§ **What to produce**: Please restate, word for word, the lines below that begin at the one with "These aren’t just" and end at the one with "Papuci de casă". Leave out all other lines.

§ **Extracted information**:
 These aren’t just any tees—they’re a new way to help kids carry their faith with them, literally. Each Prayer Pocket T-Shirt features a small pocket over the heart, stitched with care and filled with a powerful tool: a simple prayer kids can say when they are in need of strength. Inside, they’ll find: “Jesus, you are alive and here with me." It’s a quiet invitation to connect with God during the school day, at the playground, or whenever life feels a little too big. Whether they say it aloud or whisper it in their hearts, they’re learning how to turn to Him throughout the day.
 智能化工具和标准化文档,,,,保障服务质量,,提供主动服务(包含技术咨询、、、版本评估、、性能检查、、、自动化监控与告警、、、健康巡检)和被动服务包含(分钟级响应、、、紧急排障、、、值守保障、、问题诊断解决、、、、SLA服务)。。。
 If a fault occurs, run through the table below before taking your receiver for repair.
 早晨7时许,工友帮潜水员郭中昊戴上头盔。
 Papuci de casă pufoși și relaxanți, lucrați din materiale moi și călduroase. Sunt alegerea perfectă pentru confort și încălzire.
==
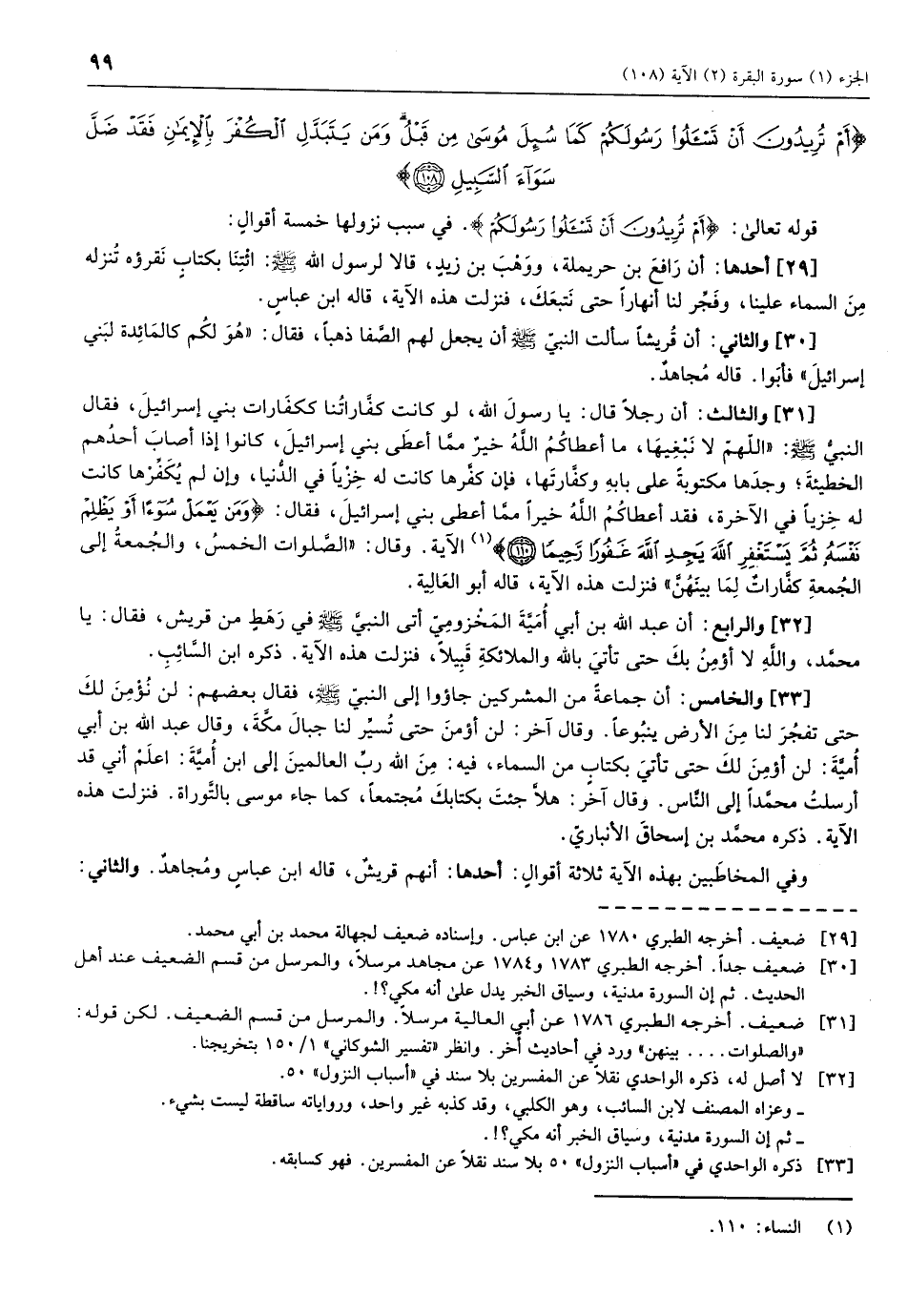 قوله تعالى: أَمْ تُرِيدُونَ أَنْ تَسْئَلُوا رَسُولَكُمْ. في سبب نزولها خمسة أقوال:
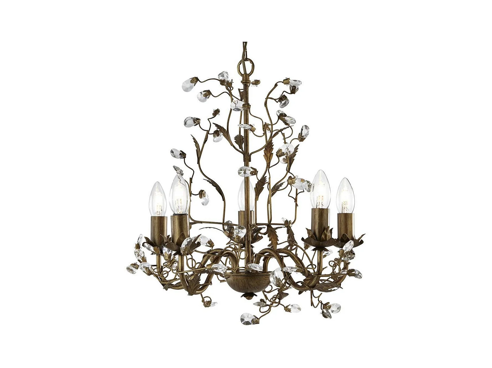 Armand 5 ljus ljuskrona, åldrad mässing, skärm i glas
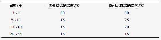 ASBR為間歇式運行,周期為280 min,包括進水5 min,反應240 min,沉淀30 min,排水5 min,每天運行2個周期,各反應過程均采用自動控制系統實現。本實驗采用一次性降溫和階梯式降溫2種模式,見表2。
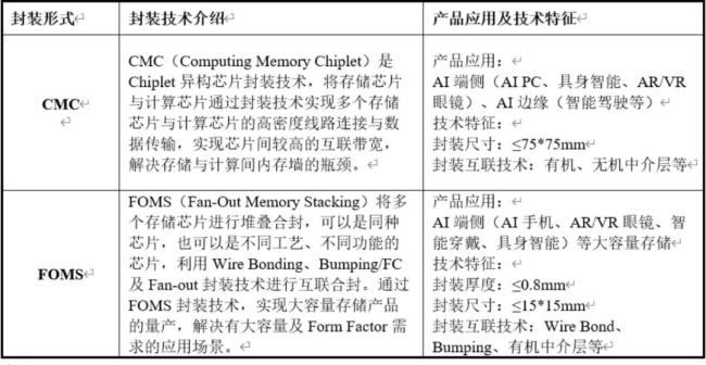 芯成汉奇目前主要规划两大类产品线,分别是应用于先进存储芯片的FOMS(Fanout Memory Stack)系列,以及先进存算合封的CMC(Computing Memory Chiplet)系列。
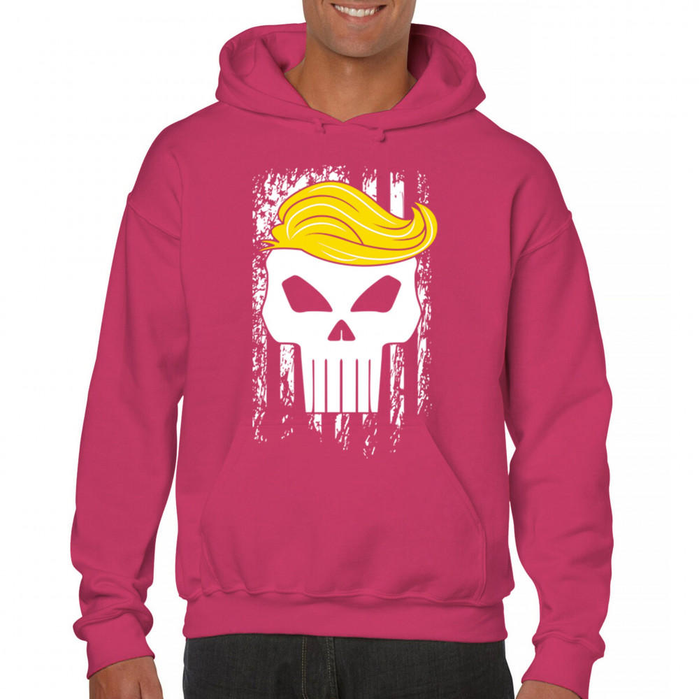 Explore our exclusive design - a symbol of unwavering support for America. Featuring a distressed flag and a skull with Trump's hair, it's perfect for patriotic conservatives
==
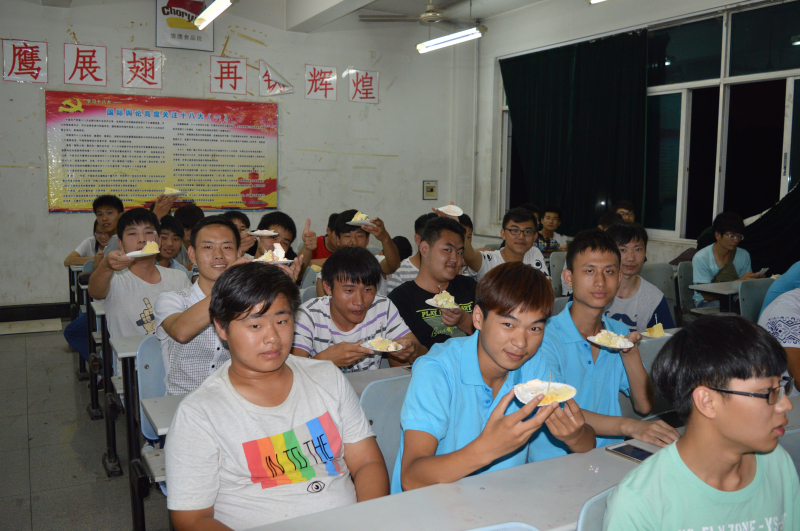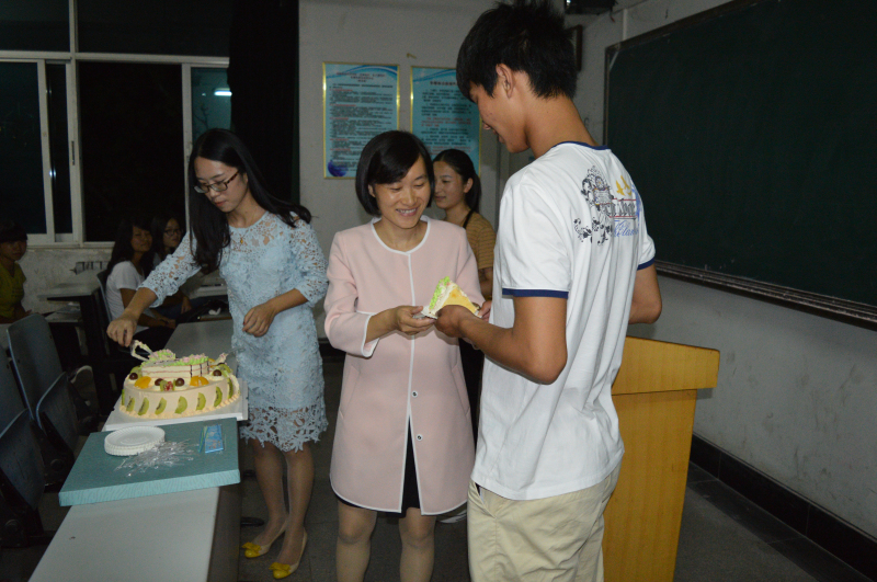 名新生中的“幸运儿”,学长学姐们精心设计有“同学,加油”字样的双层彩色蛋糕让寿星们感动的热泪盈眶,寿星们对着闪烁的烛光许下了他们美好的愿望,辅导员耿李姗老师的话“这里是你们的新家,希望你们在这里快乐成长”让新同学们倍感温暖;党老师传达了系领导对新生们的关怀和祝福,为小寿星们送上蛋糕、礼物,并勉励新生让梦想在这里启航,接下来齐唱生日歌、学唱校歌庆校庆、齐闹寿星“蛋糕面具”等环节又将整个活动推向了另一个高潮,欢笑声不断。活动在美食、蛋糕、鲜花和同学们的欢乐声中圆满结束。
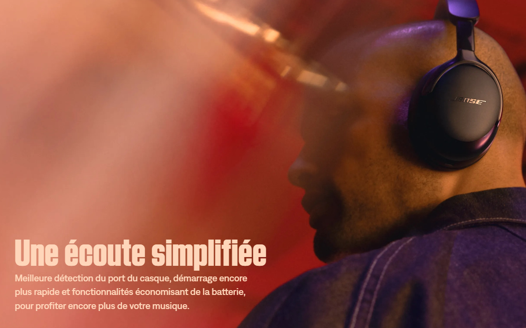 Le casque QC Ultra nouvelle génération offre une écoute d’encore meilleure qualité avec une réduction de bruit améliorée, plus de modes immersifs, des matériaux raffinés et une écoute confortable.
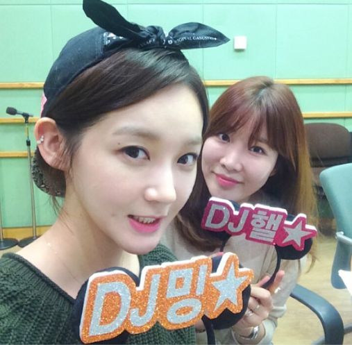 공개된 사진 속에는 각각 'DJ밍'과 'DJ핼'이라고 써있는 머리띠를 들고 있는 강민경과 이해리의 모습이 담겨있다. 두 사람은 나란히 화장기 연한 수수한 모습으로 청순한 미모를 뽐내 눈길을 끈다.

§ **Your solution**:
 These aren’t just any tees—they’re a new way to help kids carry their faith with them, literally. Each Prayer Pocket T-Shirt features a small pocket over the heart, stitched with care and filled with a powerful tool: a simple prayer kids can say when they are in need of strength. Inside, they’ll find: “Jesus, you are alive and here with me." It’s a quiet invitation to connect with God during the school day, at the playground, or whenever life feels a little too big. Whether they say it aloud or whisper it in their hearts, they’re learning how to turn to Him throughout the day.
 智能化工具和标准化文档,,,,保障服务质量,,提供主动服务(包含技术咨询、、、版本评估、、性能检查、、、自动化监控与告警、、、健康巡检)和被动服务包含(分钟级响应、、、紧急排障、、、值守保障、、问题诊断解决、、、、SLA服务)。。。
 If a fault occurs, run through the table below before taking your receiver for repair.
 早晨7时许,工友帮潜水员郭中昊戴上头盔。
 Papuci de casă pufoși și relaxanți, lucrați din materiale moi și călduroase. Sunt alegerea perfectă pentru confort și încălzire.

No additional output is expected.